Building a Complete HITL System

Here's a production-ready HITL agent:

python

from hopx import Sandbox
import openai
import json
from enum import Enum
from dataclasses import dataclass, field
from datetime import datetime
from typing import Callable, Optional
import asyncio
 
class EscalationType(Enum):
    APPROVAL = "approval"
    CLARIFICATION = "clarification"
    REVIEW = "review"
    HANDOFF = "handoff"
 
@dataclass
class EscalationRequest:
    id: str
    type: EscalationType
    context: dict
    message: str
    options: list = field(default_factory=list)
    timeout_seconds: int = 300
    created_at: datetime = field(default_factory=datetime.now)
 
@dataclass
class EscalationResponse:
    approved: bool
    response: str
    responder: str
    timestamp: datetime = field(default_factory=datetime.now)
 
class HITLAgent:
    def __init__(
        self,
        escalation_handler: Callable[[EscalationRequest], EscalationResponse],
        confidence_threshold: float = 0.8,
        auto_approve_risks: list = None
    ):
        self.client = openai.OpenAI()
        self.escalation_handler = escalation_handler
        self.confidence_threshold = confidence_threshold
        self.auto_approve_risks = auto_approve_risks or ["low"]

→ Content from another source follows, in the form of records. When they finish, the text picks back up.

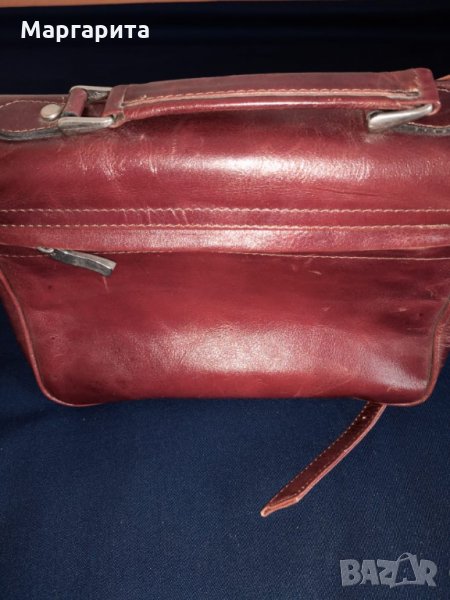 за малки по размер документи като карта за градски транспорт. Отпред има джобче, което се затваря с копче тик-так. С две дръжки. Размери 26 х 18 х 12 см. Има джоб с цип на гърба. Затваря се с копче тик-так. На гърба има 3 малки участъка като че ли боята е поизтрита, но кожата не е наранена. Много функционална и практична с двете дръжки.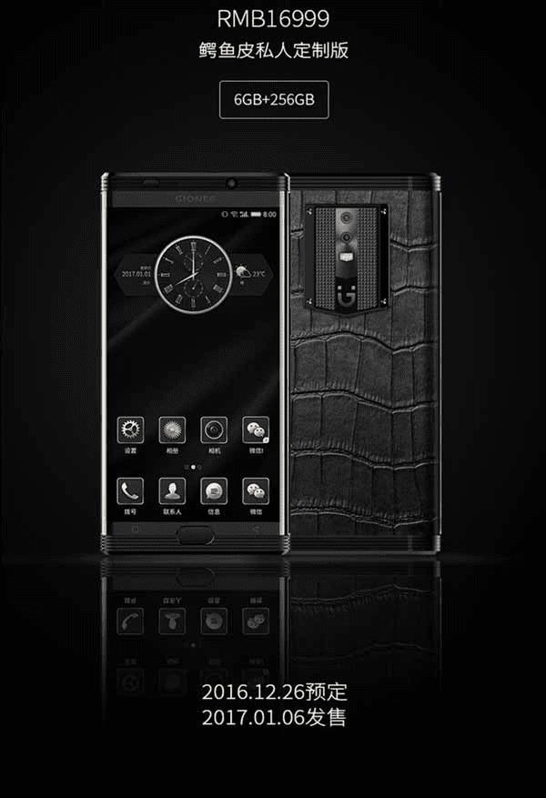 昨日晚间,金立正式发布了专为成功商务精英打造的旗舰手机“M2017”,冯小刚、徐帆倾情代言,6+128GB标准版售价6999元,6+256GB鳄鱼皮私人定制版价格高达16999元。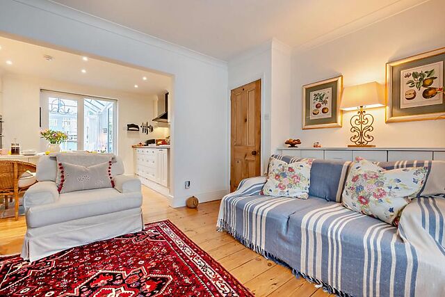 Adjacent to this is a glorious sunroom, a wonderful place to sip your morning tea basking in the warmth of the sunlight. When day turns to night, choose from three sumptuous bedrooms, served by two chic shower rooms – a super-king-size room, a king-size and a welcoming bunk bedroom.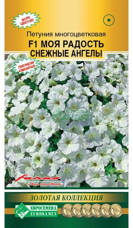 Сегодня петуния стала украшением клуб, рабаток, окон, балконов, вазонов, цветников, бордюров – где только ее не встретишь! Щедрое цветение, фантастическое сочетание окрасок цветков создают нарядную, праздничную атмосферу, а контрастные расцветки придают цветкам некую торжественность. С каждым годом появляется все больше и больше различных гибридов этого популярного растения, но появление этого гибрида произвело настоящий фурор. Моя Радость- новый тип многоцветковой петунии с компактным габитусом и необычайно богатым, обильным и продолжительным цветением. Цветки белоснежной окраски, с зеленоватой горловиной, плотные, устойчивые к осадкам и ветру. В течение всего сезона растения сохраняют аккуратную форму, не требуя прищипки. Компактность наследуется генетически. Кустики похожи на ровные, пышные, цветущие шарики. Благодаря гену мужской стерильности гибрид не завязывает семян и цветет постоянно – с ранней весны до поздней осени. Гибрид идеально подходит для садовых ваз и балконных ящиков. Не содержит ГМО! Высота растения-25-30 см Диаметр цветка-6-7 см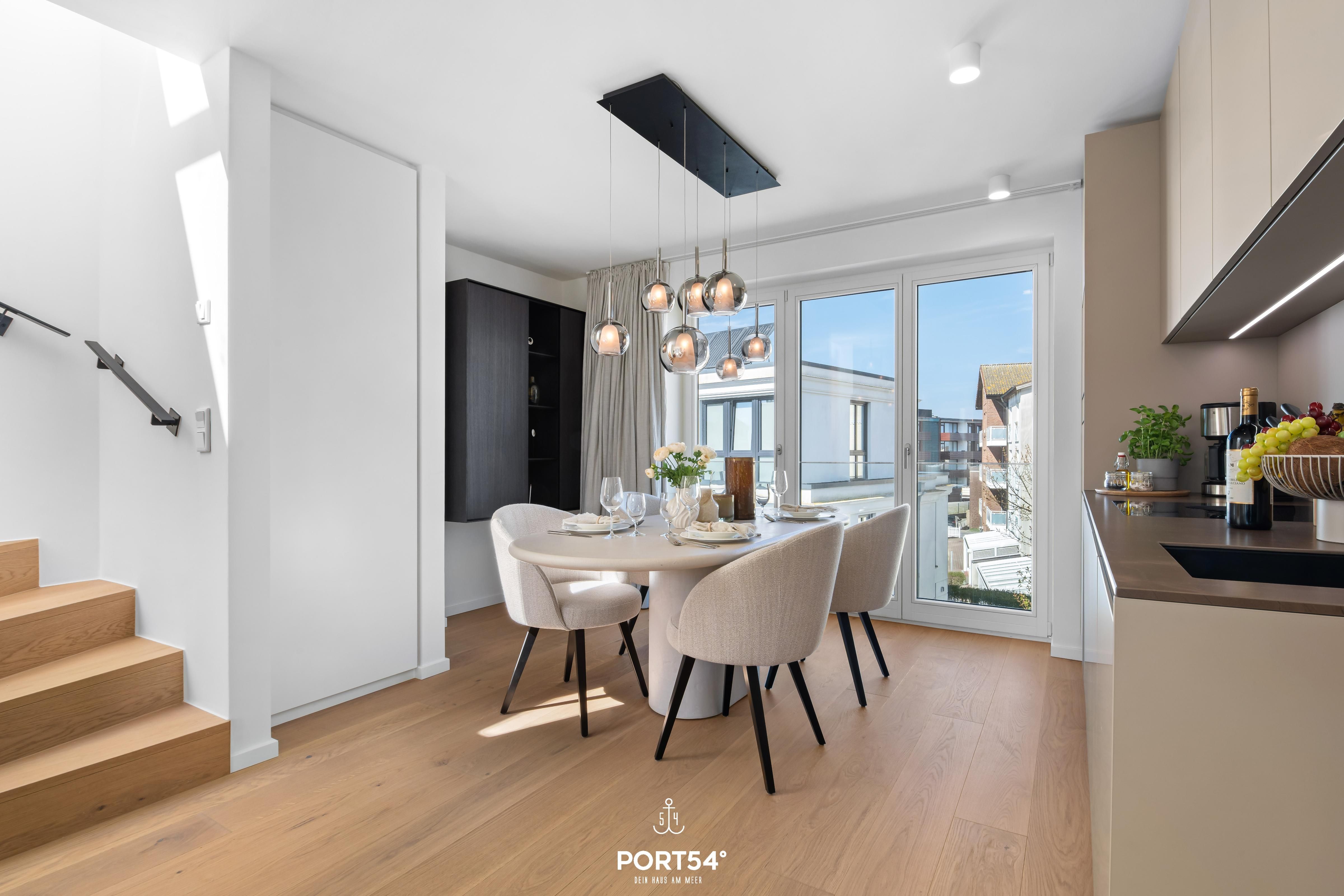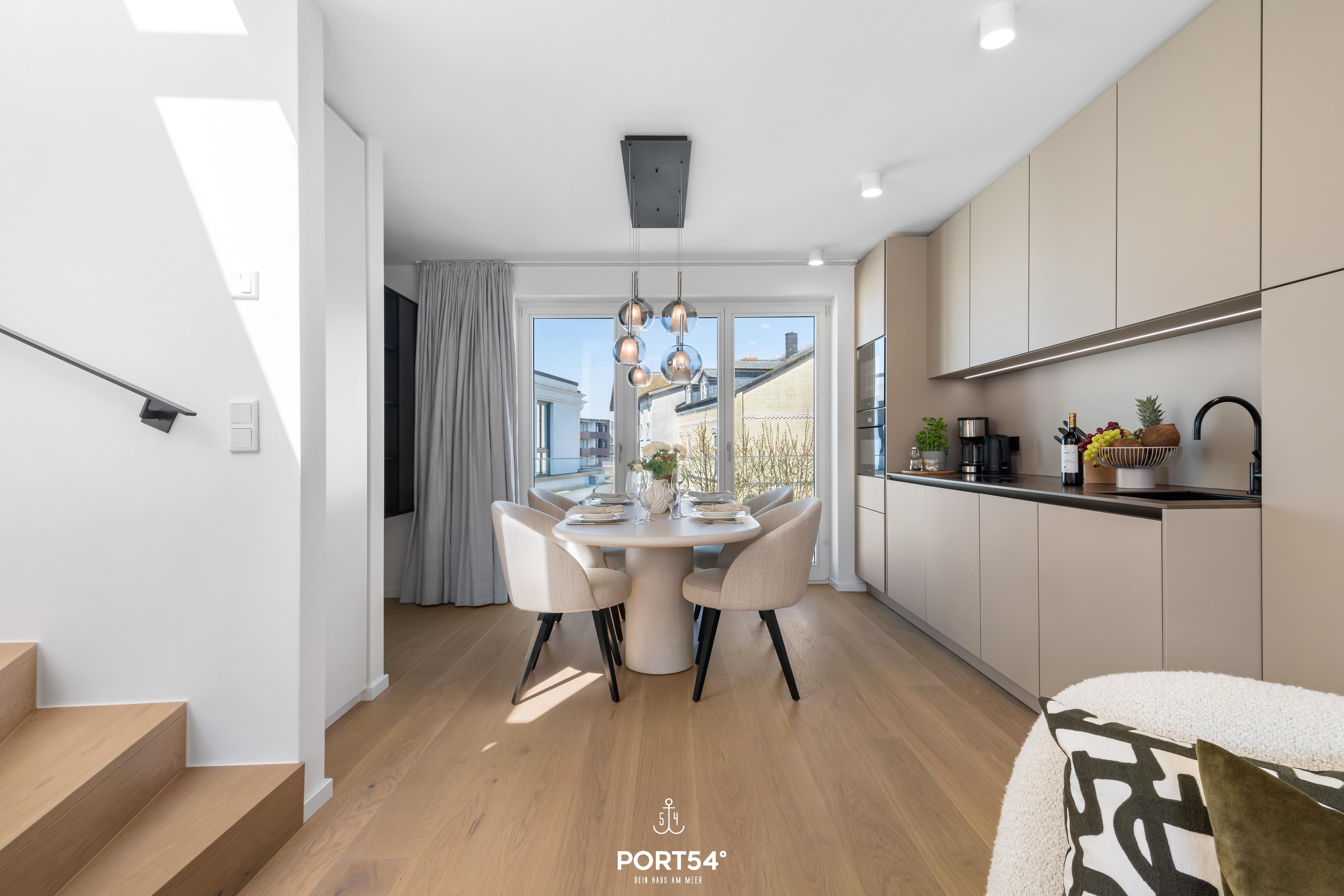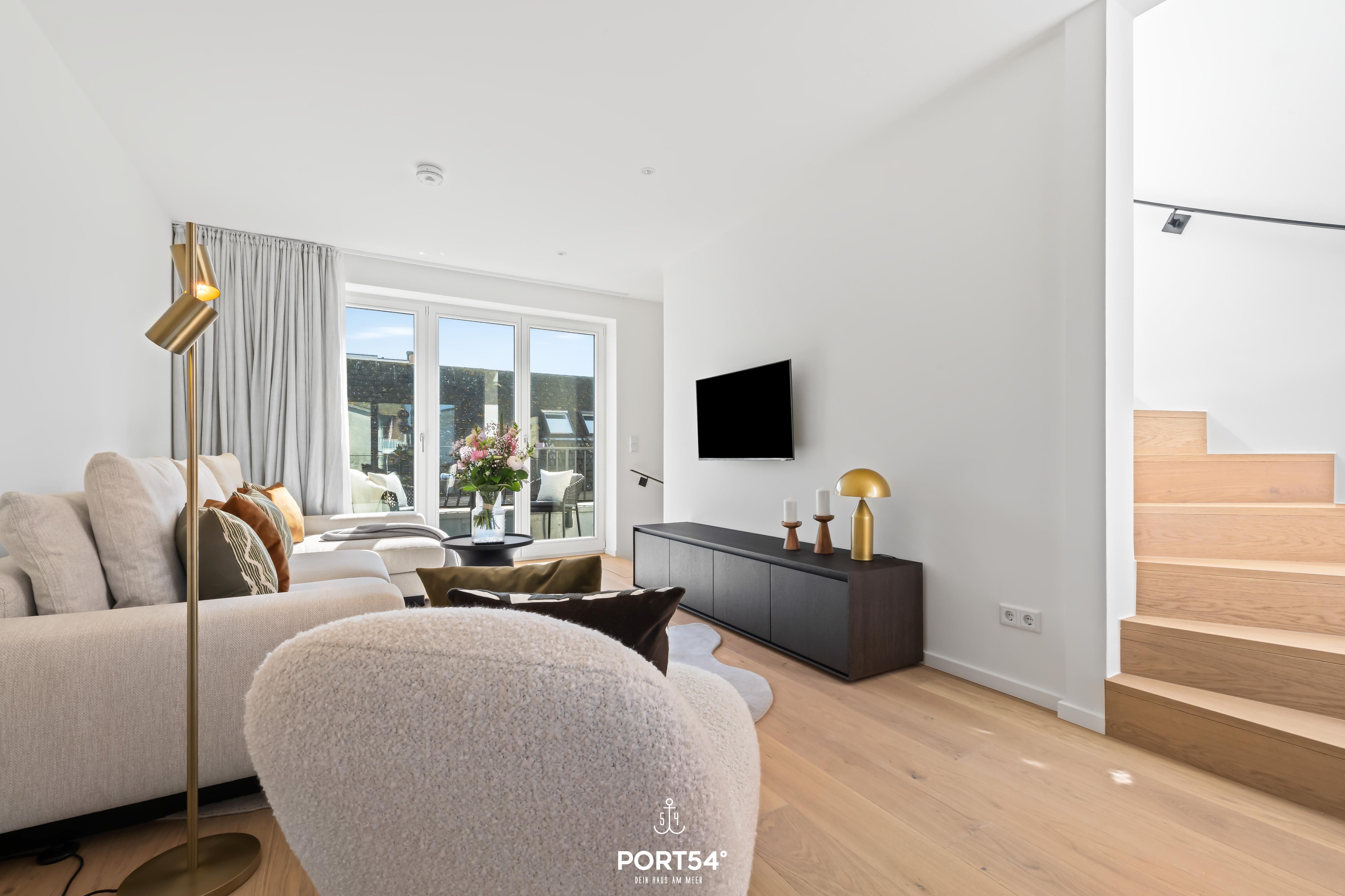 Das Luxus Maisonette Apartment bietet im 1. und 2. Obergeschoss Platz für bis zu drei Personen. Auf der ersten Etage erwarten Sie die beiden Schlafzimmer eins mit einem Doppelbett und eins mit Einzelbett, Flachbild-TV und Verdunkelungsmöglichkeiten, perfekt für Ihre Nachtruhe. Außerdem finden Sie auf der Etage das Master-Bad mit Doppelwaschbecken, Regendusche, Föhn und WC. Im zweiten Obergeschoss befindet sich der offene Wohn- und Essbereich mit vollausgestatteter Küche, Balkon und Zugang zur großen Dachterrasse. Hier haben Sie genug Platz um die frische Nordseeluft auf dem Dach zu genießen.

        self.action_log = []
    
    async def run(self, task: str) -> dict:
        """Execute task with human-in-the-loop checkpoints"""
        
        # Step 1: Understand and validate task
        understanding = await self._understand_task(task)
        
        if understanding["needs_clarification"]:
            clarification = await self._request_clarification(
                task, 
                understanding["questions"]
            )
            task = f"{task}\n\nClarifications:\n{clarification}"
        
        # Step 2: Plan with risk assessment
        plan = await self._create_plan(task)
        
        # Step 3: Get approval for high-risk steps
        if any(step["risk"] not in self.auto_approve_risks for step in plan["steps"]):
            approved = await self._request_plan_approval(plan)

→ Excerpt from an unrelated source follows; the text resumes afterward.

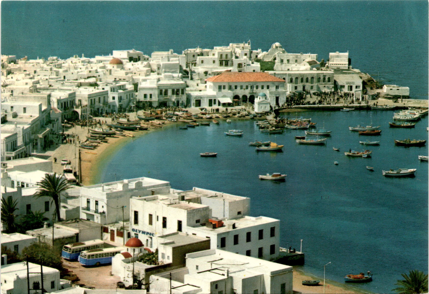 Back of PostcardThe text is advertising a panoramic view of Mykonos, with the address being B. Isaiah – Eupolidos 12 in Athens. The phone number provided is 3245479. The text is written in multiple languages, including Greek, English, French, and Spanish.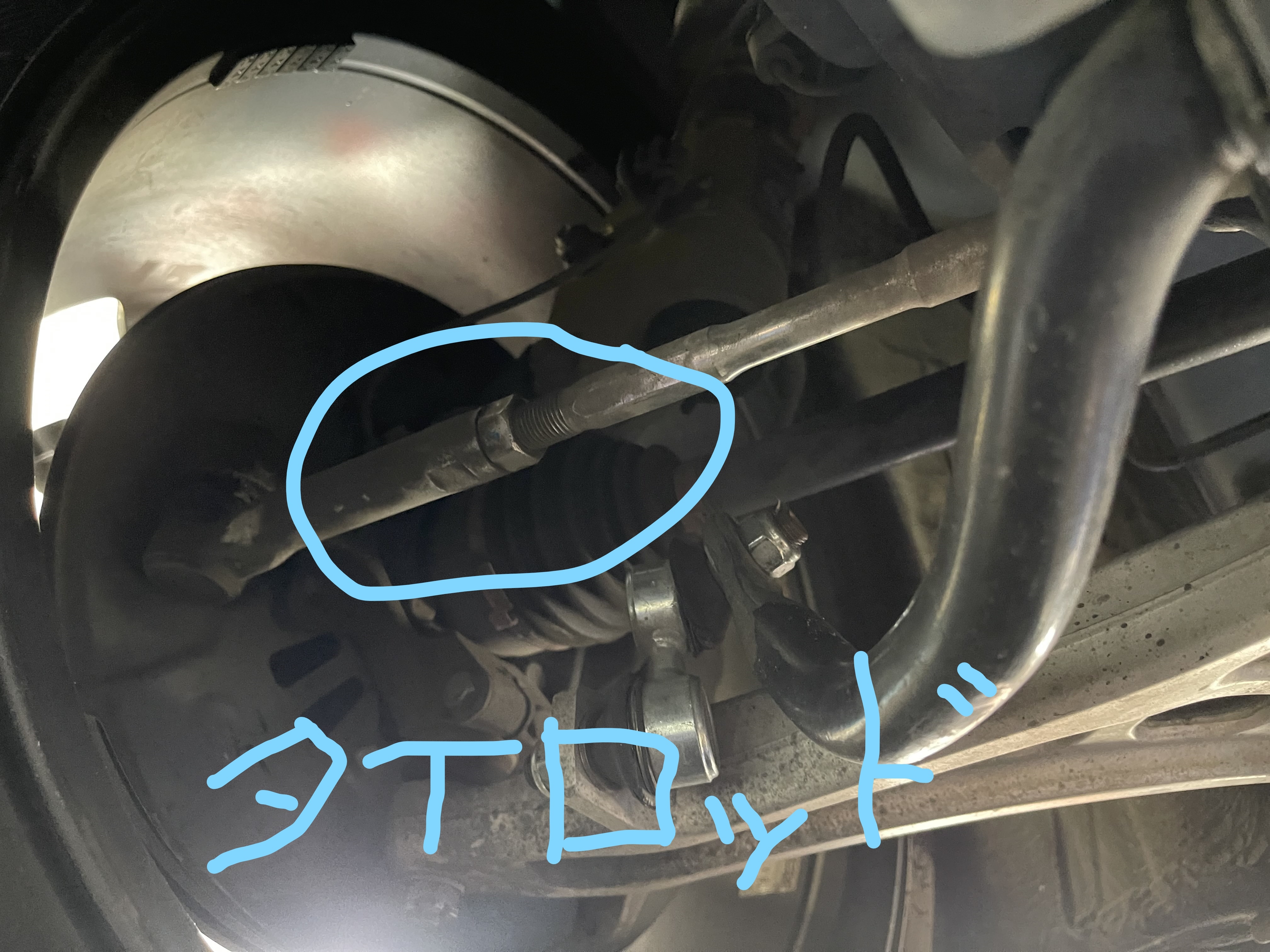 タイロットのロックナットを緩めてタイロットを回すとトゥ角が調整できます。

            if not approved:
                return {"status": "rejected", "reason": "Plan not approved"}
        
        # Step 4: Execute with checkpoints
        results = []
        for step in plan["steps"]:
            result = await self._execute_step(step)
            results.append(result)
            
            # Check for issues requiring escalation
            if result.get("needs_review"):
                review = await self._request_review(step, result)
                if not review.approved:
                    return {"status": "stopped", "reason": review.response}
        
        # Step 5: Final review for high-stakes tasks
        if plan.get("requires_final_review"):
            final_review = await self._request_final_review(task, results)
            if not final_review.approved:
                return {"status": "needs_revision", "feedback": final_review.response}
        
        return {
            "status": "completed",
            "results": results,
            "plan": plan
        }
    
    async def _understand_task(self, task: str) -> dict:
        response = self.client.chat.completions.create(
            model="gpt-4o",
            messages=[{
                "role": "system",
                "content": """Analyze this task:
1. Is it clear enough to proceed?
2. What clarifications would help?
3. What's the risk level?
4. What approvals might be needed?
 
Return JSON:
{
    "clear": true/false,
    "needs_clarification": true/false,
    "questions": ["question1", "question2"],
    "risk_level": "low/medium/high/critical",
    "potential_issues": ["issue1"]
}"""
            }, {
                "role": "user",
                "content": task
            }],
            response_format={"type": "json_object"}
        )
        return json.loads(response.choices[0].message.content)
    
    async def _request_clarification(self, task: str, questions: list) -> str:
        request = EscalationRequest(
            id=f"clarify_{datetime.now().timestamp()}",
            type=EscalationType.CLARIFICATION,
            context={"task": task},
            message="Please clarify the following:",
            options=questions
        )
        
        response = self.escalation_handler(request)
        return response.response
    
    async def _request_plan_approval(self, plan: dict) -> bool:
        high_risk_steps = [s for s in plan["steps"] if s["risk"] not in self.auto_approve_risks]
        
        request = EscalationRequest(
            id=f"approve_{datetime.now().timestamp()}",
            type=EscalationType.APPROVAL,
            context={"plan": plan},
            message=f"Approve {len(high_risk_steps)} high-risk actions?",
            options=["Approve All", "Reject", "Review Each"]
        )
        
        response = self.escalation_handler(request)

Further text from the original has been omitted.